Set in the late 1980s, the newest addition to Parrish's Louis Kincaid mystery series (Thicker Than Water
) lures readers in from the outset when a young woman's bullet-ridden corpse is found tangled in mangrove roots on Florida's beautiful, tropical seacoast. Kincaid, a former cop turned private investigator, is hired by a woman who fears that her father, Frank Woods, a middle-aged, nondescript librarian with murky connections to several missing women dating back as far as 35 years, may be the killer. Although all signs point to Woods's guilt, his confession and apparent suicide never sit well with Kincaid.
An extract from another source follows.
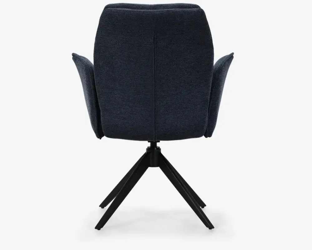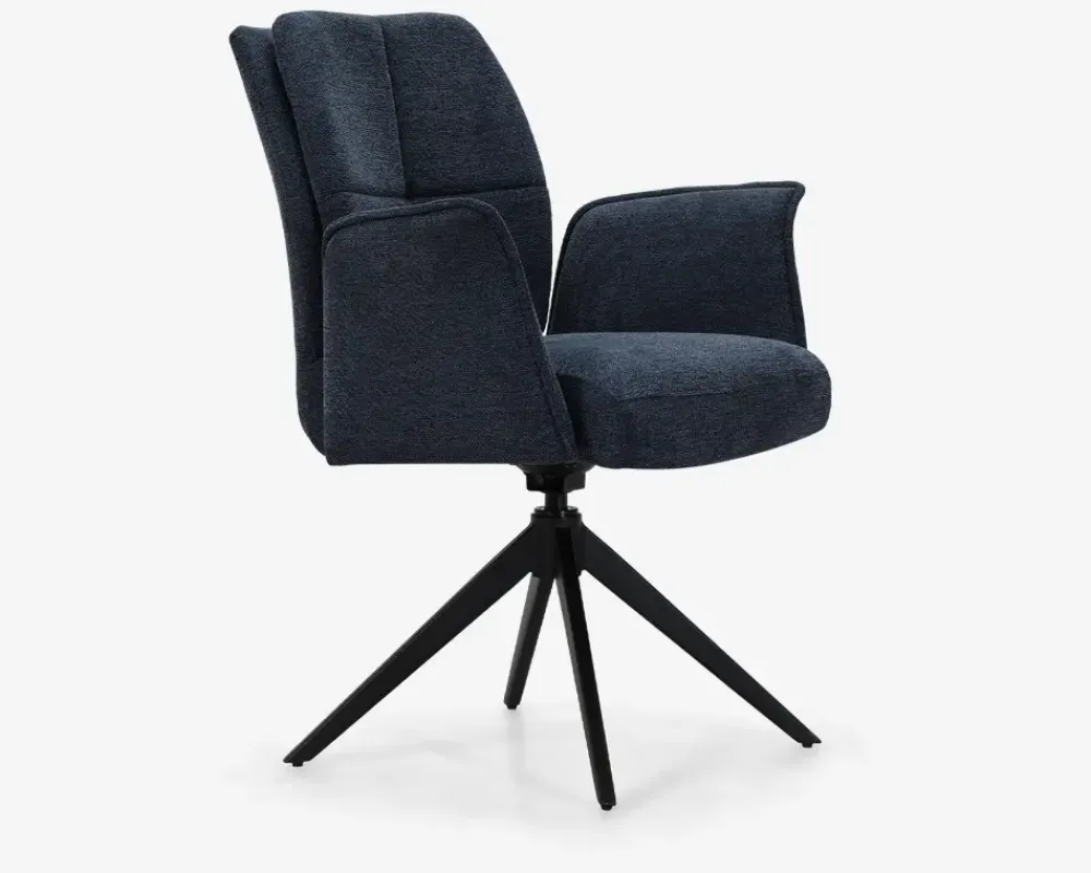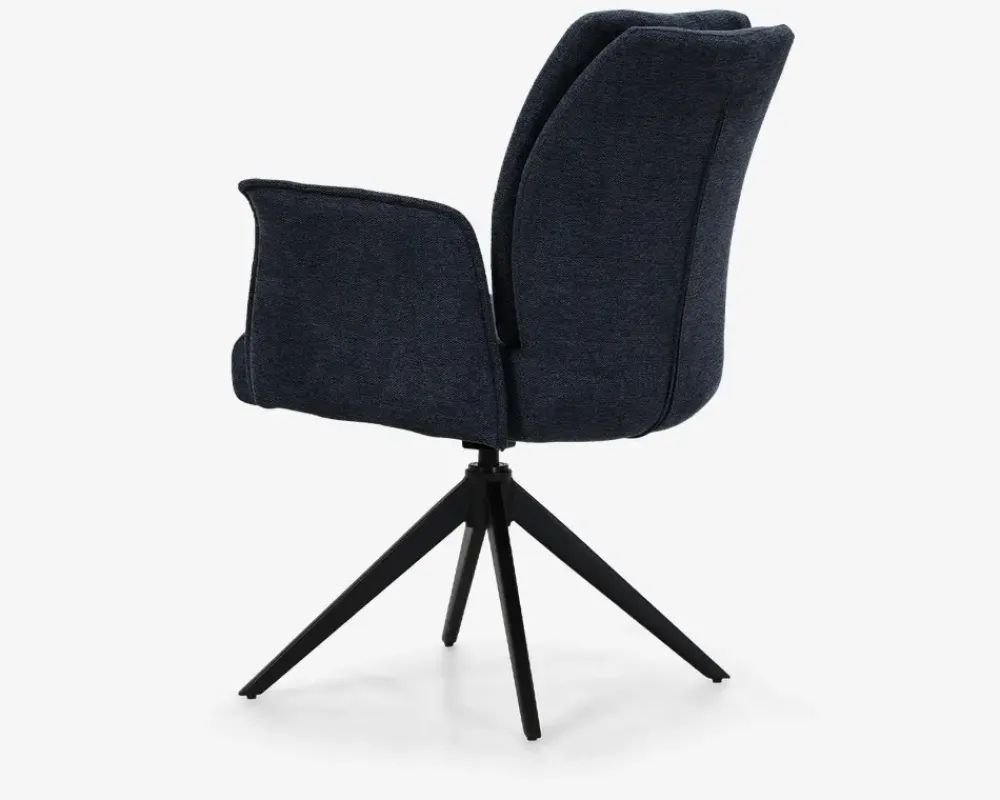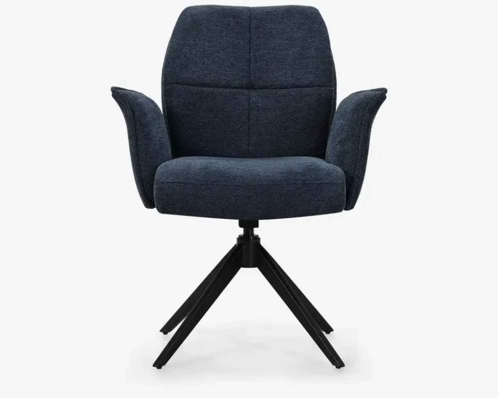 Spisestuestol i kraftig flot møbelstof. Stolen har nogle gode og brugbare armlæn, som man har glæde af, både når man spiser, men også når man hygger sig efter maden. Stolens flotte blå farve, kan være med til at løfte indretningen i hjemmet, og designet passer perfekt sammen med de moderne plankeborde. Stolen kan roterer 360° så selv om der er trangt ved bordet, kan du nemt komme op.Stolen sælges i pakker af 2 stk., den leveres usamlet, men er ikke svær at samle, hvis du følger den vedlagte samlevejledning. Spisebordsstolen kræver ingen vedligeholdelse, og rengøringen foretages med en klud vredet op i rent vand. Højde til overkant armlæn: 68 cm

He reluctantly teams up with Mel Landeta, a gruff but ultimately likable local police officer who's losing his eyesight, and they return to the last place Woods visited—the Island of Bones. The tension builds to a near palpable level as the pair uncover secrets that are as dark and warped as the primal landscape Parrish vividly describes. World-weary, contemplative Landeta is the perfect foil for Kincaid, a true man of action. Their camaraderie and unspoken understanding, combined with Parrish's crisp dialogue and skill at stringing out the suspense, are what make this carefully constructed mystery so absorbing. (Jan.)
Forecast
: Parrish's second Kincaid mystery,
Dead of Winter, earned a nomination for an Edgar, and this book merits another. Anyone who has read Parrish's mysteries will undoubtedly clamor for this one, and the book's striking metallic cover image should entice browsers.